I heard that the Bear quiver was noisy and heavy.


----------



## SlowBowInMO (Dec 4, 2003)

I've had the Bear quiver, used it for many years on the bow but ended up converting it to a GFA. All my bow quivers are now Eagles Flights and I absolutely love 'em.

I did not find the Bear (Delta) noisy at all but it was very heavy. Not a good feature in a bow quiver IMO.


----------



## Redneck5544 (Jul 17, 2008)

thanks all


----------



## I'm Not Ted (Feb 12, 2009)

SlowBowInMO said:


> I've had the Bear quiver, used it for many years on the bow but ended up converting it to a GFA. All my bow quivers are now Eagles Flights and I absolutely love 'em.
> 
> I did not find the Bear (Delta) noisy at all but it was very heavy. Not a good feature in a bow quiver IMO.


Isn't the hood aluminum or something?


----------



## SlowBowInMO (Dec 4, 2003)

Some of the vintage Bear quivers have alloy hoods of some sort, never tried one but I imagine they probably are noisy. I think he's talking about the current Bear bolt on quiver, those are plastic with a very good foam insert. I've never had a peep out of mine. Heavy though...


----------



## I'm Not Ted (Feb 12, 2009)

Here's the one I'm thinking of. Look at some of the reviews.

http://www.3riversarchery.com/Quivers+Bow+Fred+Bear+Quiver++Custom_c14_s21_p43_i3193_product.html


----------



## wings (Oct 27, 2005)

*quiver*

I shoot the same bow and im looking at getting the mini-boa from 3 rivers archery!!


----------



## Redneck5544 (Jul 17, 2008)

*quiver*

i am looking at the boa bow quiver on three rivers archery it is not over priced like some others are. whould like leather but that runs the price up


----------



## SlowBowInMO (Dec 4, 2003)

I'm Not Ted said:


> Here's the one I'm thinking of.
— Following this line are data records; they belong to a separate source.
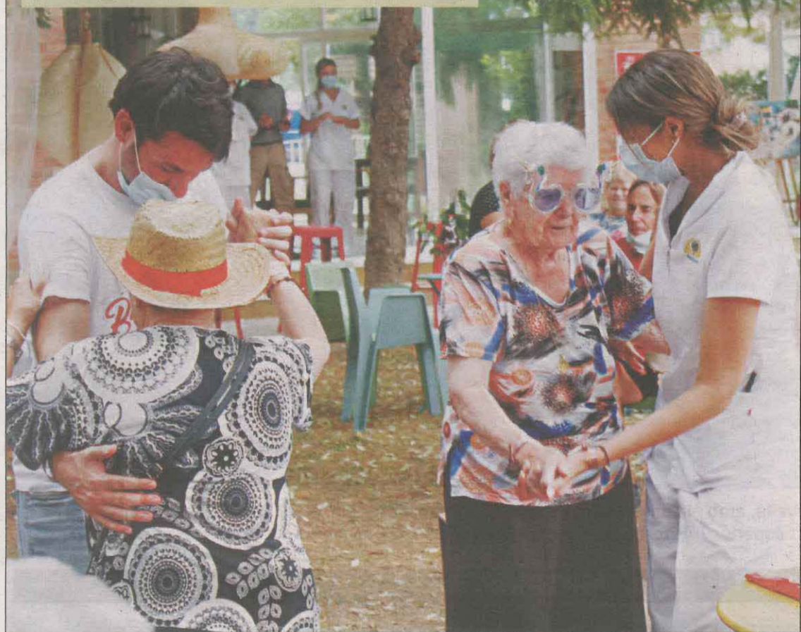
Una marca de vermut pone música al Centre Geriàtric Lleida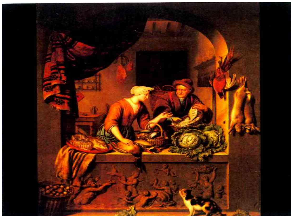
Venditore di pesce (Willem van Mieris, National Galleri 1713)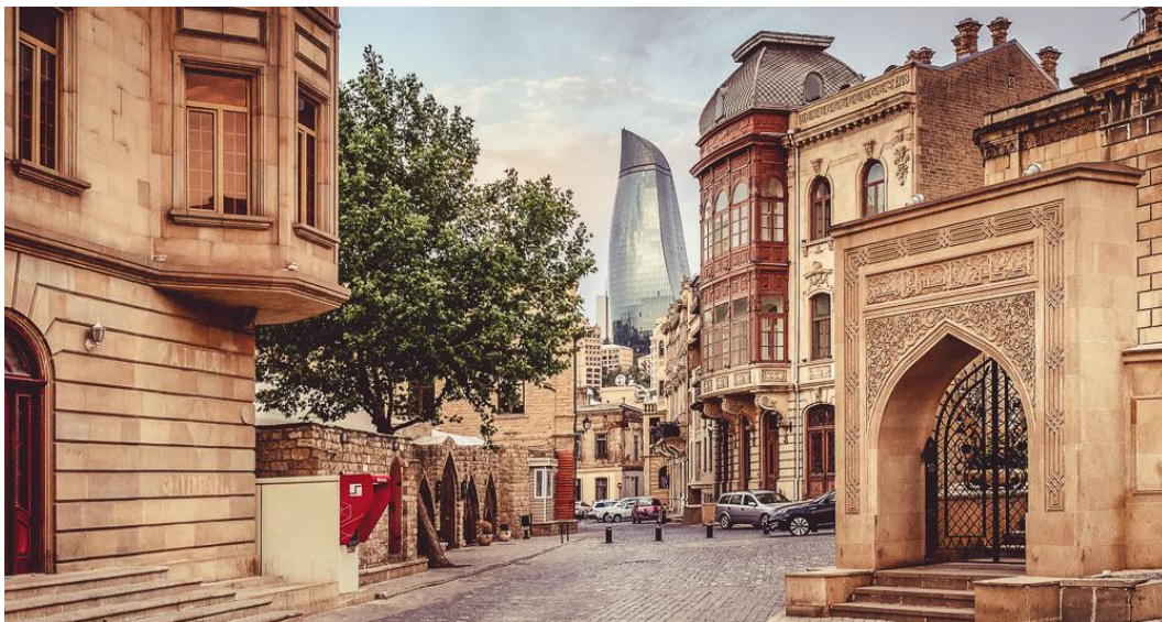
Рисунок 4. Ичері-шехёр (Внутренний город)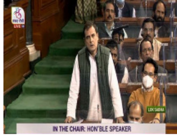
मांग को खारिज कर दिया था। दरअसल राजनीतिक भाषणों में जब

तमाम दलीलों के बाद भारत को राज्यों के संघ के तौर पर स्वीकृत किया गया था। फेडरल स्टेट की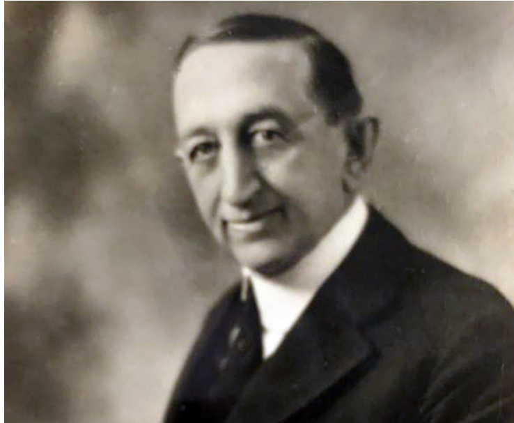
Slika 1. Začetnik istraživanja tržišta (Harford, 2017.)

S druge strane, Meler (2005:28) smatra da je istraživanje tržišta započelo 1879. godine s agencijom N. W. Ayer & Son koja je napravila „prvo sustavno istraživanje državnih i lokalnih službenika za spoznavanje njihova predviđanja proizvodnje žitarica za potrebu određivanja vremena oglašavanja za njihova klijenta, tvrtku Nicholas-Shepard Company, proizvođača poljoprivrednih strojeva.“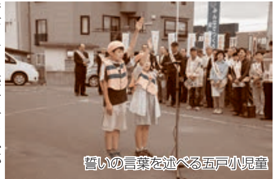
誓いの言葉を述べる五戸小児童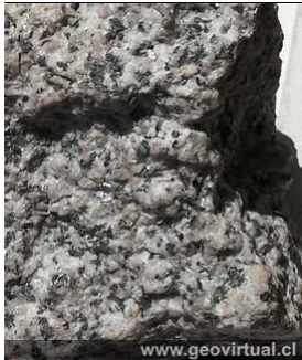
Diorita del Batolito Andino en Atacama

Look at some of the reviews.
> 
> http://www.3riversarchery.com/Quivers+Bow+Fred+Bear+Quiver++Custom_c14_s21_p43_i3193_product.html


That's the one I was referring to also, so we are on the same page. I read the reviews, you're right lots of complaints about noise. That has not been my experience but mine is nearly 15 years old...maybe quality has gone downhill. 

I've not tried the Boa but have heard nothing but positives...but I don't think you can beat an Eagles Flight for the money.


----------



## Redneck5544 (Jul 17, 2008)

thanks


----------